- [What you have to do] For this exercise, an exact copy is needed of only the lines from the one containing "全球AI用户规模中国与全球对" through the end of the data, with pictures left out.

Collected data
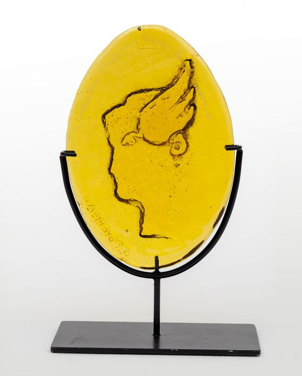 Una piastra in vetro ambra con figura di Mercurio alato, 1962.
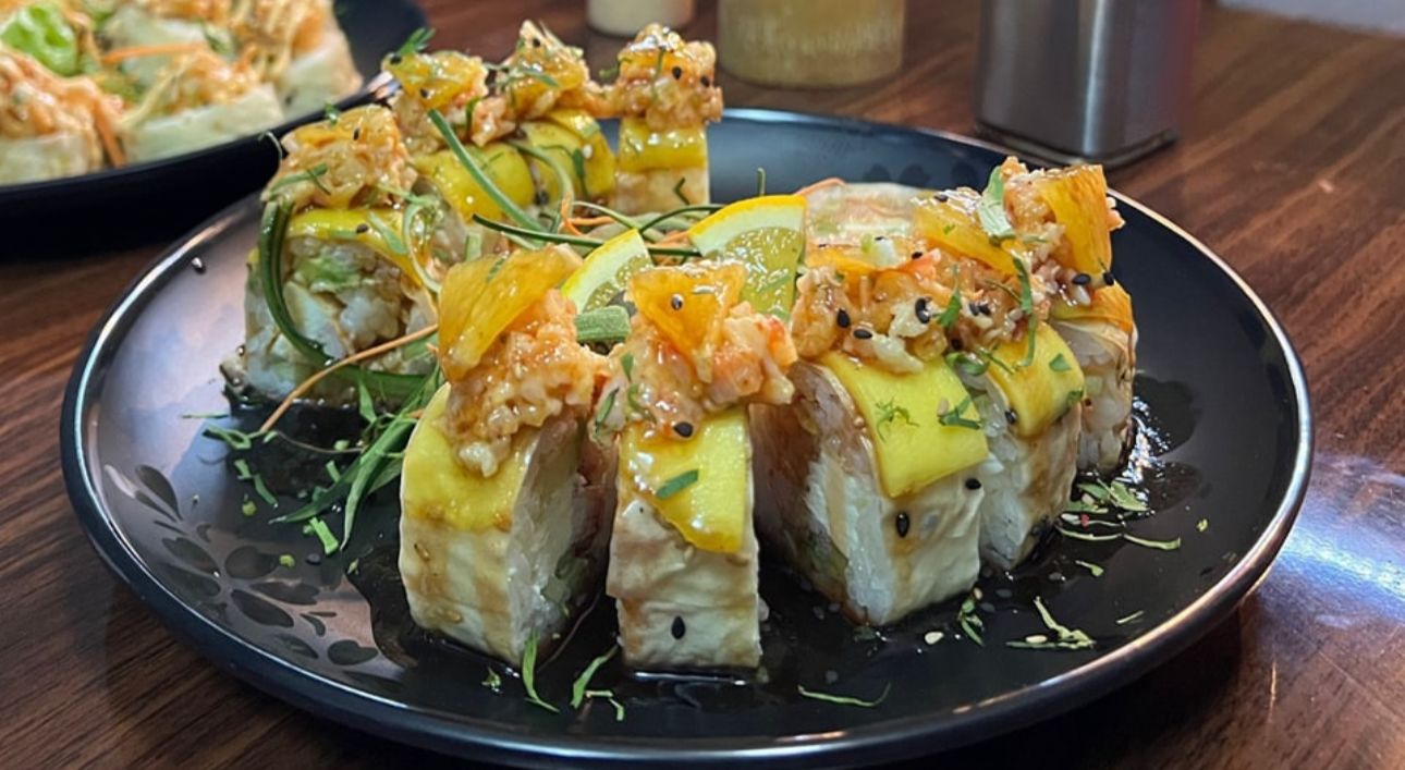 Aguacate, pepino, cangrejo, camarón tempura y queso crema. Forrado de mango, topping de camarón tempura y una rodaja de naranja. Bañado en salsa agridulce. Acompañado de spicy, chiles toreados con soya y soya.
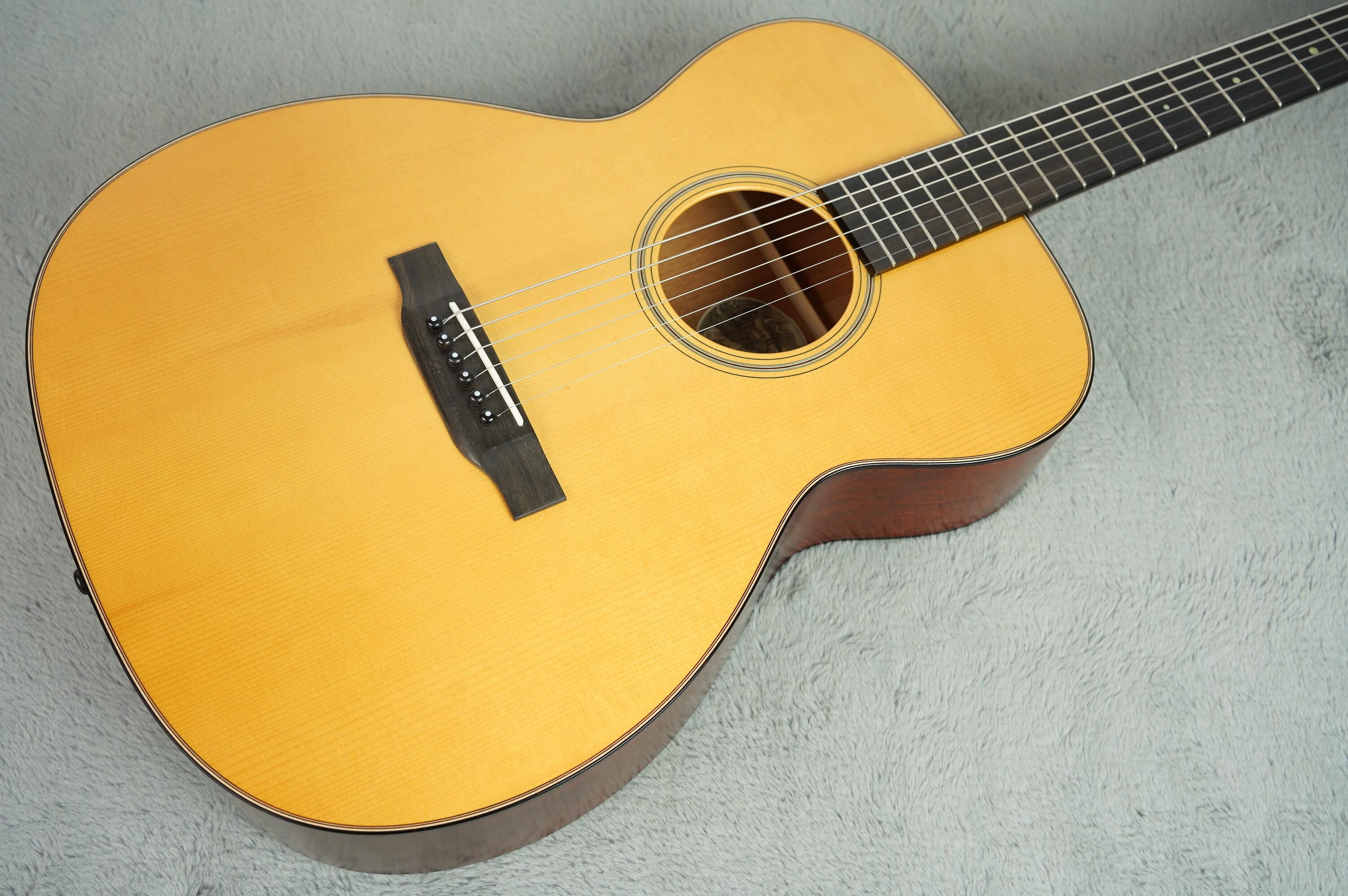 The Honduran Mahogany neck has an Ebony fingerboard modeled after Lage's 1939 Martin 000-18. It features a 25.5" scale length, a 14"-26" compound radius, medium nickel-silver frets, a 1 11/16" nut width, and gold mother-of-pearl dot inlays. It's comfortable to play, well-balanced, and of incredibly high quality.
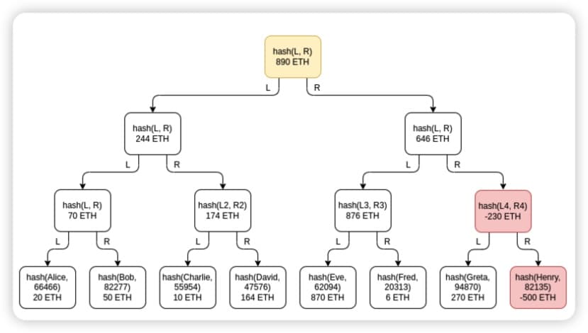 - Potential for mistaken or falsification of data- An exchange may have missed inputs, or could create false accounts with negative balances to alter total liabilities. The following diagram from Vitalik Buterin’s blog shows an example of how a Merkle Tree could be altered maliciously:
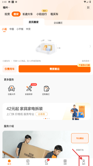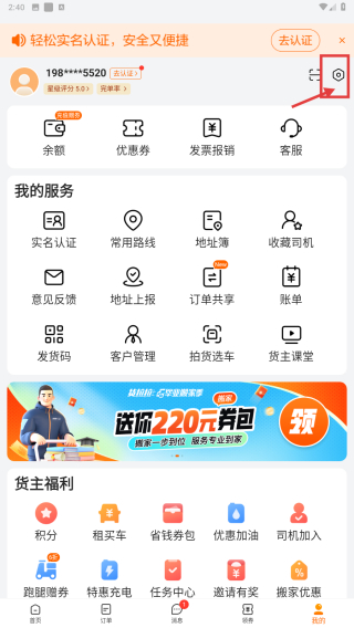 1、打开货运类应用,点击底部我的选项,进入个人中心页面。
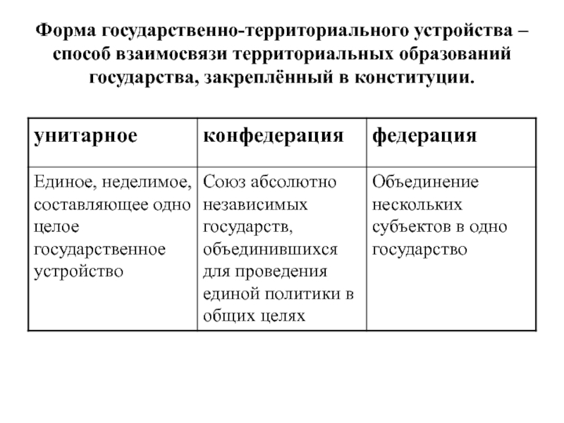 Форма государственно-территориального устройства – способ взаимосвязи территориальных образований государства, закреплённый
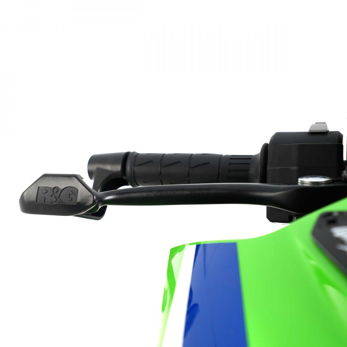 Vårt helt nya R&G bromshandtagsskydd kan monteras på bromssidan och har utformats specifikt för Kawasaki Z400, Z250 19-, Z500 24-, Ninja 250 400 18-, Z125 19-, Ninja 125 19-, Ninja 1000SX 20- 24, Z900 20- 24, Z900RS 21- 24 & ZH2 20- 24, Z650RS 21- 24 & ZX-4R(R) (SE) 23- 24, Eliminator 500 2024-modellerna. Ursprungligen utformad i Moto2 men nu använd av nästan alla motorcykelföretag världen över (ACU, MSVR, MotoAmerica, FIM) och krävs för racing, utvecklades bromshandtaget för att hjälpa till att undvika oavsiktlig inkoppling av frambromshandtaget under täta hjul mot hjul-racing (antingen genom oavsiktlig kontakt med ...). en annan cykel eller till och med en cyklist) men kan lika gärna användas för landsvägscykling, vilket skyddar ditt/dina reglage från stötar mot backspeglarna samtidigt som det filtrerar bort eventuella bromsskador. R&G Bromsreglageskydd är FIM-godkända delar!
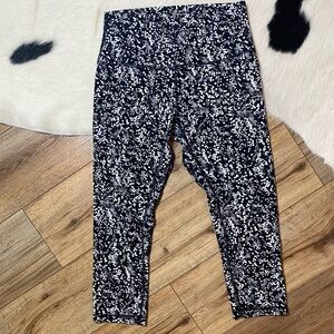 Style: They appear to be a cropped length, finishing mid-calf. Common Lululemon styles with this length include the Wunder Under Crop (approximately 21") or the Align Crop (approximately 21").
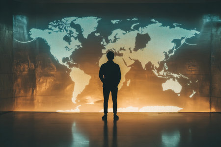 A silhouette stands before a glowing map, contemplating global connections in a dimly lit space that inspires exploration.
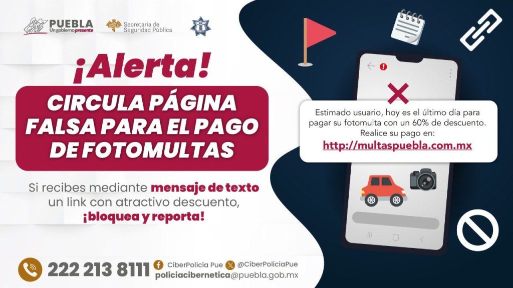 ¡No caigas en estafas! Alertan difusión de una página falsa para el pago de fotomultas en Puebla
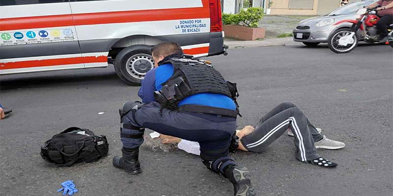Escoltada por Policía de Escazú fue trasladada en rojo al centro médico una adulta mayor luego de ser víctima de atropello en San Rafael de Escazú.
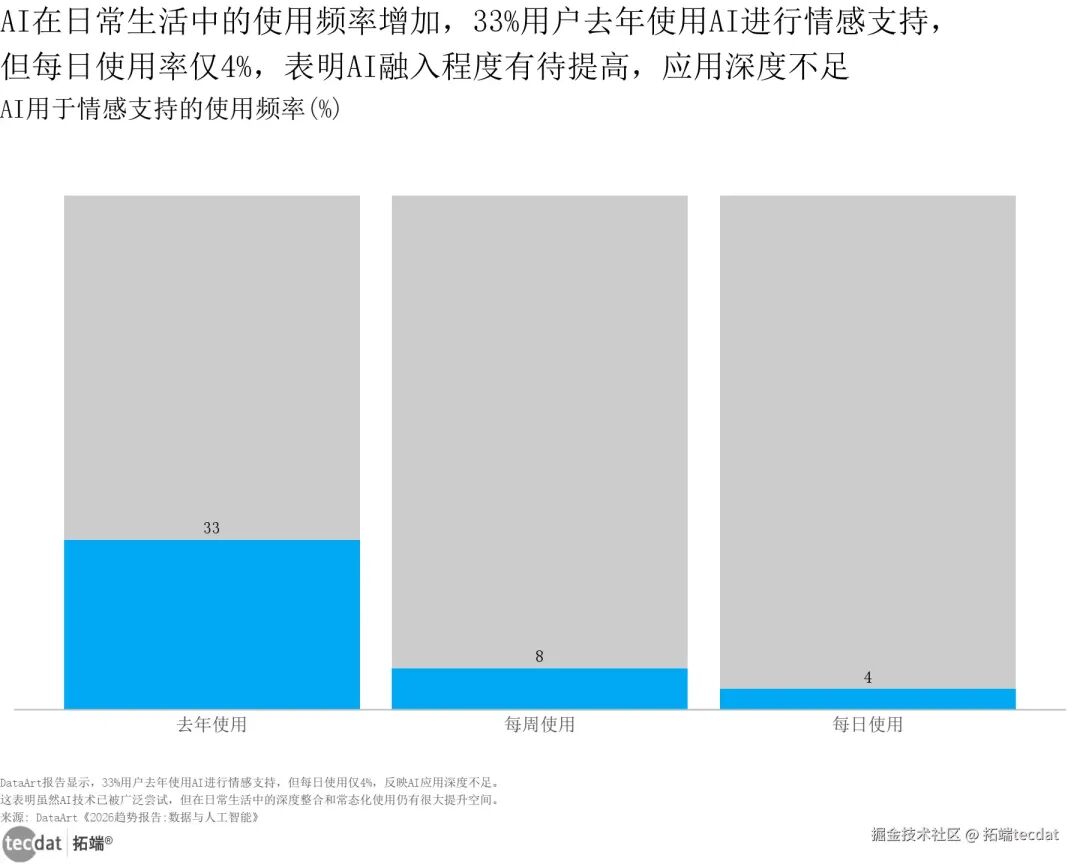 全球AI用户规模中国与全球对比横向条形图表3 图表数据及PDF模板已分享到会员群从用户使用行为来看,AI在日常生活中的渗透呈现“浅尝辄止”的特征。33%的用户在2025年使用AI进行情感支持或社交互动,8%的用户每周使用,仅4%的用户达到每日使用频率。这一现象背后,既有用户对AI功能边界的探索阶段属性,也反映出当前AI在日常场景的实用性仍有提升空间。
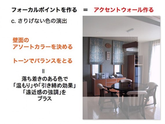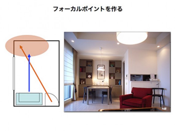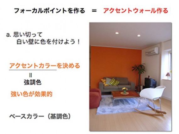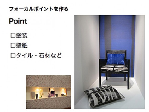 空間に「フォーカルポイント」=「見せ場」を作ると部屋は一気にグレードアップします。入口(ドア)から部屋に入った時、遠い壁面を人はまず目にします。その周辺の壁面にフォーカルポイントになる家具や装飾を施すと、部屋の第一印象は格段に良くなります。部屋全体、家全体を素敵に飾り付けるのは実際には難しいことです。また、インテリアで大切なのはバランスです。360度装飾や色で溢れていたら落ち着きの無い部屋になってしまいます。そこで最も効果的な場所をバランス良く装飾する。それが色や柄を効果的に使うポイントにもなるのです。

- [Solution for this exercise]
 全球AI用户规模中国与全球对比横向条形图表3 图表数据及PDF模板已分享到会员群从用户使用行为来看,AI在日常生活中的渗透呈现“浅尝辄止”的特征。33%的用户在2025年使用AI进行情感支持或社交互动,8%的用户每周使用,仅4%的用户达到每日使用频率。这一现象背后,既有用户对AI功能边界的探索阶段属性,也反映出当前AI在日常场景的实用性仍有提升空间。
 空間に「フォーカルポイント」=「見せ場」を作ると部屋は一気にグレードアップします。入口(ドア)から部屋に入った時、遠い壁面を人はまず目にします。その周辺の壁面にフォーカルポイントになる家具や装飾を施すと、部屋の第一印象は格段に良くなります。部屋全体、家全体を素敵に飾り付けるのは実際には難しいことです。また、インテリアで大切なのはバランスです。360度装飾や色で溢れていたら落ち着きの無い部屋になってしまいます。そこで最も効果的な場所をバランス良く装飾する。それが色や柄を効果的に使うポイントにもなるのです。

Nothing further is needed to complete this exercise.